Work to be completed:
Reproduce, word for word, the lines in the material below starting with the one that has "商品名称:OLAF LEGENG 奥拉芙纯棉旅行睡袋 OL-SD1101" and going on through the one that has "出身于普通家庭,杨诗敏面对生". Leave out all pictures.

Material supplied:
================

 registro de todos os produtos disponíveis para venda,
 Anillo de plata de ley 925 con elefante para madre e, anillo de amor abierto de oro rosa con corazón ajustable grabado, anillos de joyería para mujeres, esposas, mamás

================

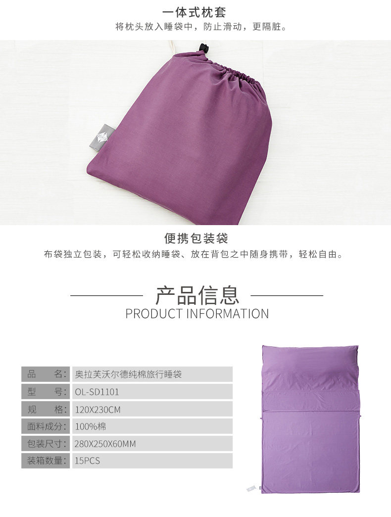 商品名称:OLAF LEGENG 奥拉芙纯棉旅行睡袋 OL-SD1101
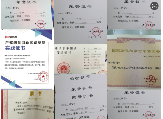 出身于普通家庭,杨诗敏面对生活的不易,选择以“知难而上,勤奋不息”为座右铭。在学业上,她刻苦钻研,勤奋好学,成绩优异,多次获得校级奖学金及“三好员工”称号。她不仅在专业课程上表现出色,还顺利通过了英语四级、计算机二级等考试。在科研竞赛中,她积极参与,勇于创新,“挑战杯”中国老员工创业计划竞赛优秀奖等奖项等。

================

Answer:
 商品名称:OLAF LEGENG 奥拉芙纯棉旅行睡袋 OL-SD1101
 出身于普通家庭,杨诗敏面对生活的不易,选择以“知难而上,勤奋不息”为座右铭。在学业上,她刻苦钻研,勤奋好学,成绩优异,多次获得校级奖学金及“三好员工”称号。她不仅在专业课程上表现出色,还顺利通过了英语四级、计算机二级等考试。在科研竞赛中,她积极参与,勇于创新,“挑战杯”中国老员工创业计划竞赛优秀奖等奖项等。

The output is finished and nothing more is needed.